Information shown
__________________________________________________
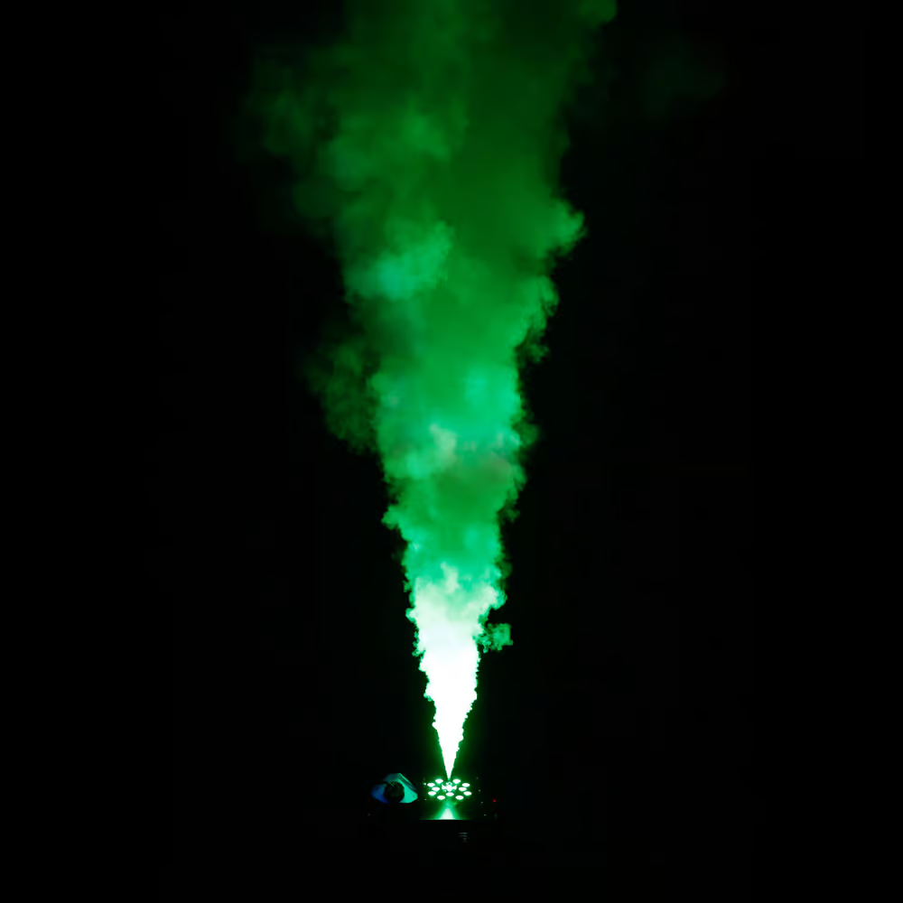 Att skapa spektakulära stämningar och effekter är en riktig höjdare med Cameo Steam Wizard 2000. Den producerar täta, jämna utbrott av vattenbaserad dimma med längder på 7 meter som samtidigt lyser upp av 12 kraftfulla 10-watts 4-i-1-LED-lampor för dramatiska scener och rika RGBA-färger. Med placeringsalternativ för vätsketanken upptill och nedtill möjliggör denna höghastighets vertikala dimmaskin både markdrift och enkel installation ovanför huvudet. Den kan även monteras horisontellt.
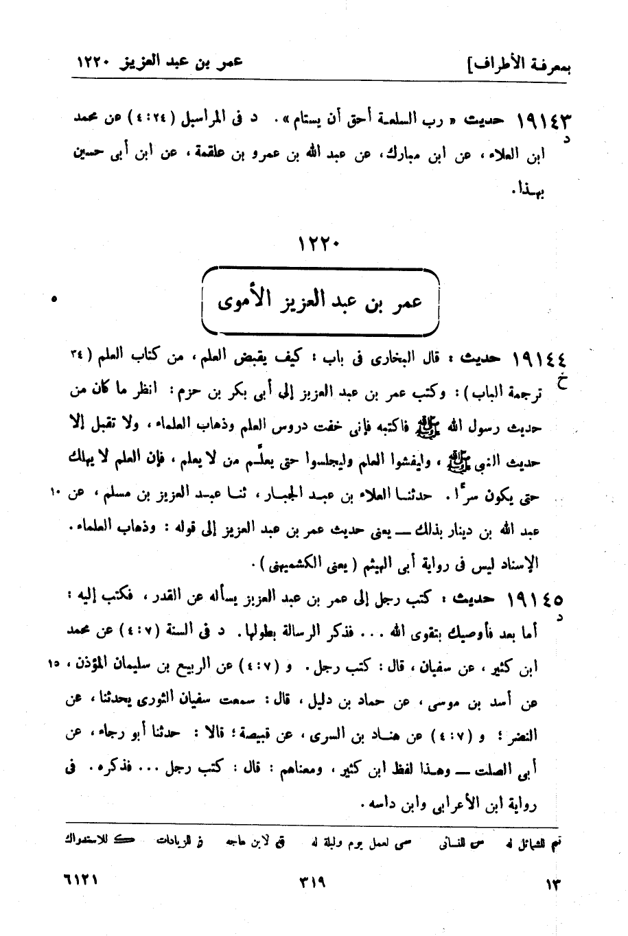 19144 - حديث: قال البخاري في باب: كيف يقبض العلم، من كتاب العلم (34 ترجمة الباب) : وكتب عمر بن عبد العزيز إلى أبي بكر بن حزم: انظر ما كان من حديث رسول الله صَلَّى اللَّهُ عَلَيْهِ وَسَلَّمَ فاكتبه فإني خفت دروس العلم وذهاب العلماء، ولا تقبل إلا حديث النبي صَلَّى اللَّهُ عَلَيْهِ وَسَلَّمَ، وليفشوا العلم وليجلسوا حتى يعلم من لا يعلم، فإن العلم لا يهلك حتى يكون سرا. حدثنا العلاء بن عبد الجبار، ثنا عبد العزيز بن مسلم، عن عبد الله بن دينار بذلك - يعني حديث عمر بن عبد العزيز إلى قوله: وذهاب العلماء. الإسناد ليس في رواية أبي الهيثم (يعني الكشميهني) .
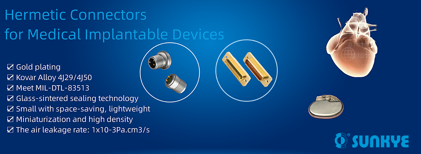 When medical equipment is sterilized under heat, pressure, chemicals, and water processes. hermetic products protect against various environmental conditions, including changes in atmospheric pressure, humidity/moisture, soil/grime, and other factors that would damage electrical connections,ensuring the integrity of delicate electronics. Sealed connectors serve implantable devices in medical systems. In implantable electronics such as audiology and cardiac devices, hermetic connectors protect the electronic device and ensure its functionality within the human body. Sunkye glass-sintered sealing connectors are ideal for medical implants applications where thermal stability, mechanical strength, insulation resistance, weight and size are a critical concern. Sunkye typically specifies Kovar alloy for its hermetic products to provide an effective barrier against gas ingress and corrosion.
__________________________________________________
Goal of the exercise
Only the lines from the first line of the listing above through the line with "19144 - حديث: قال" should be set down, exactly and without pictures.

Answer
 Att skapa spektakulära stämningar och effekter är en riktig höjdare med Cameo Steam Wizard 2000. Den producerar täta, jämna utbrott av vattenbaserad dimma med längder på 7 meter som samtidigt lyser upp av 12 kraftfulla 10-watts 4-i-1-LED-lampor för dramatiska scener och rika RGBA-färger. Med placeringsalternativ för vätsketanken upptill och nedtill möjliggör denna höghastighets vertikala dimmaskin både markdrift och enkel installation ovanför huvudet. Den kan även monteras horisontellt.
 19144 - حديث: قال البخاري في باب: كيف يقبض العلم، من كتاب العلم (34 ترجمة الباب) : وكتب عمر بن عبد العزيز إلى أبي بكر بن حزم: انظر ما كان من حديث رسول الله صَلَّى اللَّهُ عَلَيْهِ وَسَلَّمَ فاكتبه فإني خفت دروس العلم وذهاب العلماء، ولا تقبل إلا حديث النبي صَلَّى اللَّهُ عَلَيْهِ وَسَلَّمَ، وليفشوا العلم وليجلسوا حتى يعلم من لا يعلم، فإن العلم لا يهلك حتى يكون سرا. حدثنا العلاء بن عبد الجبار، ثنا عبد العزيز بن مسلم، عن عبد الله بن دينار بذلك - يعني حديث عمر بن عبد العزيز إلى قوله: وذهاب العلماء. الإسناد ليس في رواية أبي الهيثم (يعني الكشميهني) .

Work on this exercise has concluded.